Healthcare organizations need to make sure the team that developed their AI tools has a deep enough understanding of the relevant industry, Cognoa’s Vaughan said.
“Many people in the machine learning and AI world, especially consultants, feel that great AI can be developed without requiring deep domain knowledge – they will say that their AI solution is ‘domain agnostic,’” Vaughan said. “Many would not agree – and in healthcare, this can particularly be untrue.”
Healthcare data sets, in fact, are often much smaller than in other consumer and business applications. Unlike AI tools that deal with serving up ads or picking one’s next movie based upon tens of millions of data points, healthcare AI tools often rely on data sets orders of magnitude smaller and thus require that the AI developers have a deeper industry knowledge and understanding of the data, because coding mistakes and date misinterpretation are amplified in smaller data sets.
Real-world applicability is a must. One of the biggest challenges to machine learning adoption across the healthcare industry is scalability, Tiwari said.
“An algorithm may work flawlessly in the controlled academic or limited clinical setting, but translating that to the real world can introduce any number of complications,” he said. “For example, if the tool is trained by using data from a research hospital, it may not function well in a regular hospital where many patients have incomplete medical records.”
They may have critical pieces of data missing, and the tool would need to be able to account for that. Data cleanliness and processing speed can be hurdles outside the neat environment of research applications.
Healthcare organizations also need to make sure their AI tools were trained and validated with representative populations, Vaughan said.
“Since the training and validation data sets often are much smaller in healthcare, the differences between populations can become exacerbated,” he explained. “For example, primary and secondary or tertiary care settings can see dramatically different incident rates for different events.
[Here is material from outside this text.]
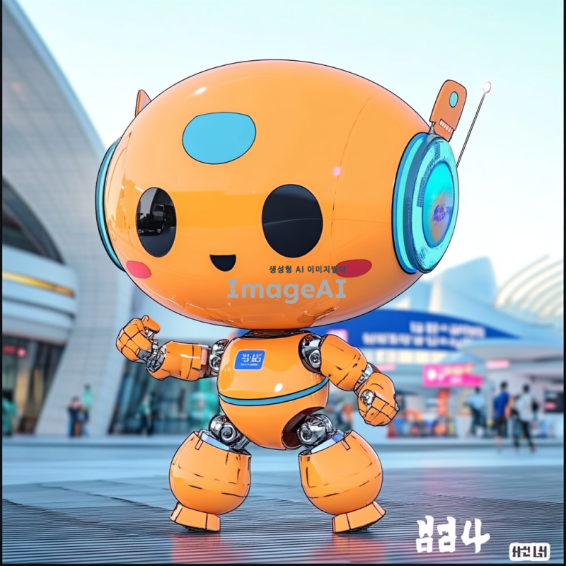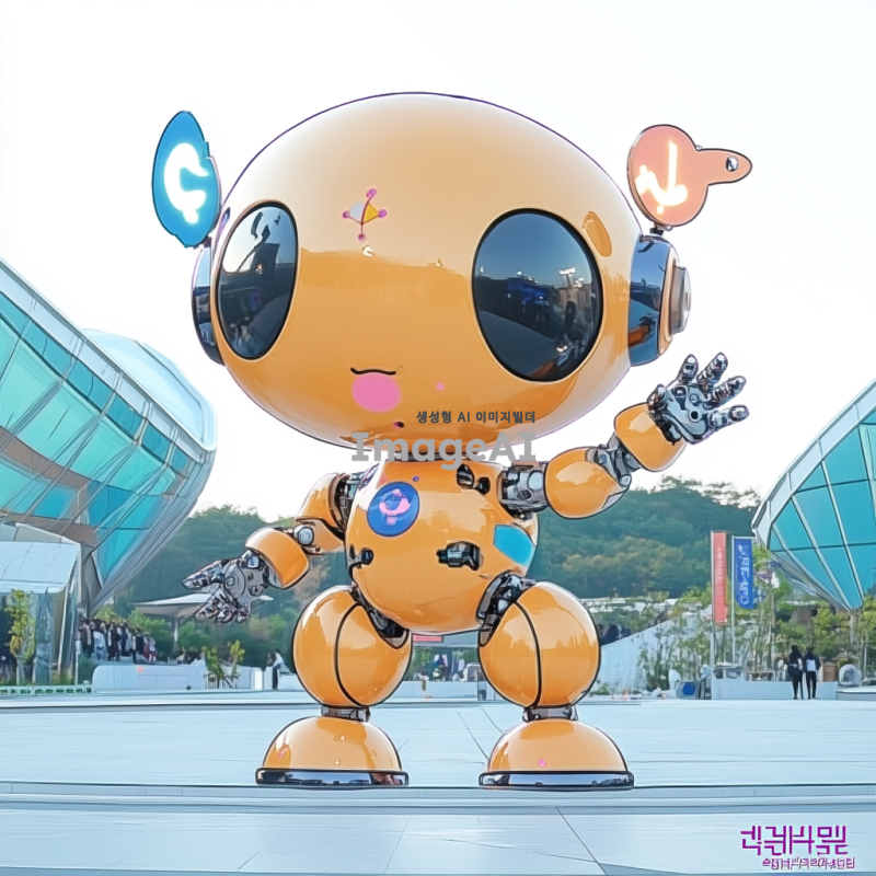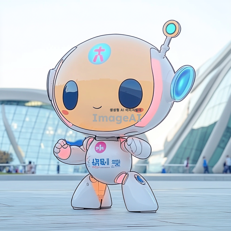 대전 엑스포 마스코트 꿈돌이를 현대적인 로봇 형태로 재구성한 이미지, 금속과 플라스틱 소재로 구성된 매끄러운 디자인, 밝은 색상과 미래적인 느낌을 강조, 배경은 대전 엑스포의 상징적인 건축물과 함께, 꿈돌이의 특징을 살리면서 고유의 로봇적 요소를 추가, 친근하고 유쾌한 표정으로 관람객을 맞이하는 모습.

An AI tool that is good at predicting a particular outcome in one setting might have a much higher error rate in the other setting.”
And AI tools in healthcare must help meet security and compliance commitments, Tiwari said.
“As we build and leverage machine learning models, software vendors and organizations that implement them must be cognizant of data compliance and audit requirements,” Tiwari said. “These include having appropriate usage agreements in place for the data being analyzed.”
Having adequate permissions in place goes without saying; commitments to patient data privacy and security are a must. In certain cases, machine learning systems can inadvertently leak private information, Tiwari explained.
Such occurrences could be disastrous and significantly hinder further adoption of AI and machine learning out of fear.